Work instruction — Your task is to copy the stretch of lines in the records below that begins with the line containing "Bring brilliance back" and ends with the line containing "- kompletne vypracovaný", exactly as written, with nothing added.

Records shown —
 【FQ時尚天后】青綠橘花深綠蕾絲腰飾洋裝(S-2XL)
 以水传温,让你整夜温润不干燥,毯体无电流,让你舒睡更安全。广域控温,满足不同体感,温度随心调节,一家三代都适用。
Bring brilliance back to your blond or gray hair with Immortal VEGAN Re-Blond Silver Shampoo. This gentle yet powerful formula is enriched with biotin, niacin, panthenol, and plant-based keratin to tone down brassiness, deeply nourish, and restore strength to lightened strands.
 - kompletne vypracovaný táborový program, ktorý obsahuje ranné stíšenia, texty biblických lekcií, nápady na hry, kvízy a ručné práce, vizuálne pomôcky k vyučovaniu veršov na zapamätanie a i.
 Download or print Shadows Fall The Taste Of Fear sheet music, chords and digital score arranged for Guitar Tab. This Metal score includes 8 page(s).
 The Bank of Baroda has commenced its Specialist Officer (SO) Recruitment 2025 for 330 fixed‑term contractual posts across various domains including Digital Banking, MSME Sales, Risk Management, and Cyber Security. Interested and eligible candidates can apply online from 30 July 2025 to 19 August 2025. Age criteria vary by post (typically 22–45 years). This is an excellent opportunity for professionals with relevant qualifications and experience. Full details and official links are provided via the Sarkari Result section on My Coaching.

* * *

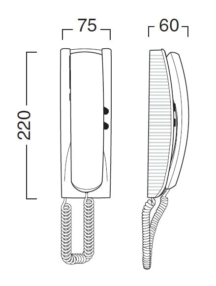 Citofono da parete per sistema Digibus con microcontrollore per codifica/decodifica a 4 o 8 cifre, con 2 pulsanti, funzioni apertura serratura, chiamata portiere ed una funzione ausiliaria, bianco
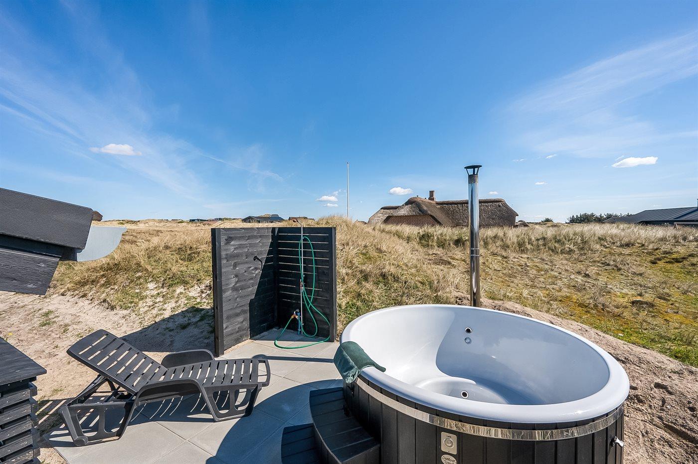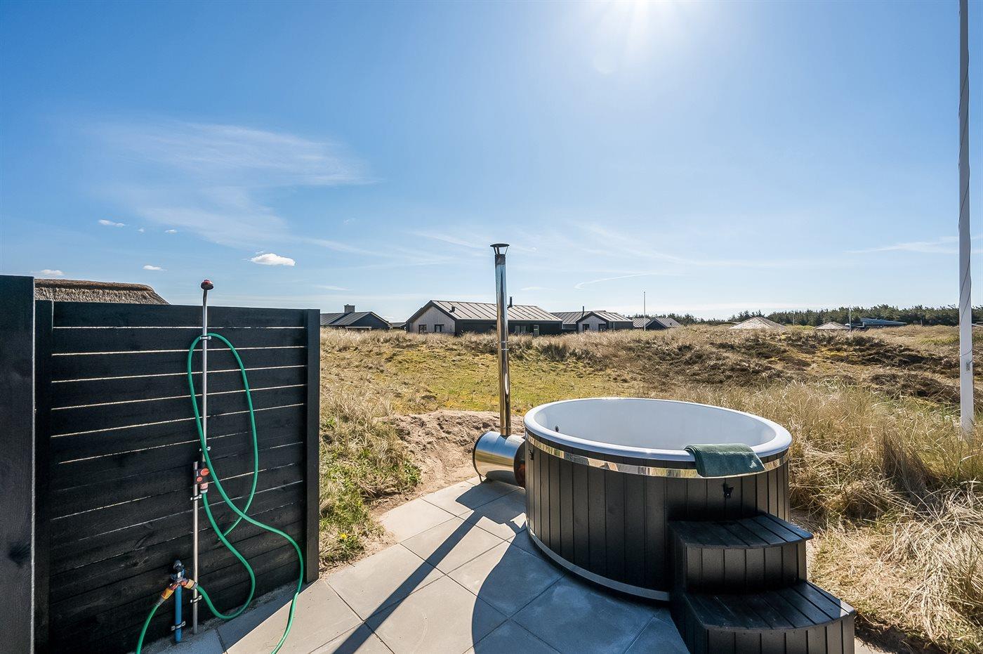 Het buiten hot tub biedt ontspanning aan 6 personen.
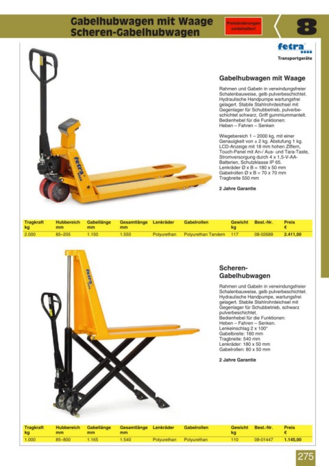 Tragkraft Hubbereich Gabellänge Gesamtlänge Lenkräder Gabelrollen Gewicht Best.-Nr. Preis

Expected output —
Bring brilliance back to your blond or gray hair with Immortal VEGAN Re-Blond Silver Shampoo. This gentle yet powerful formula is enriched with biotin, niacin, panthenol, and plant-based keratin to tone down brassiness, deeply nourish, and restore strength to lightened strands.
 - kompletne vypracovaný táborový program, ktorý obsahuje ranné stíšenia, texty biblických lekcií, nápady na hry, kvízy a ručné práce, vizuálne pomôcky k vyučovaniu veršov na zapamätanie a i.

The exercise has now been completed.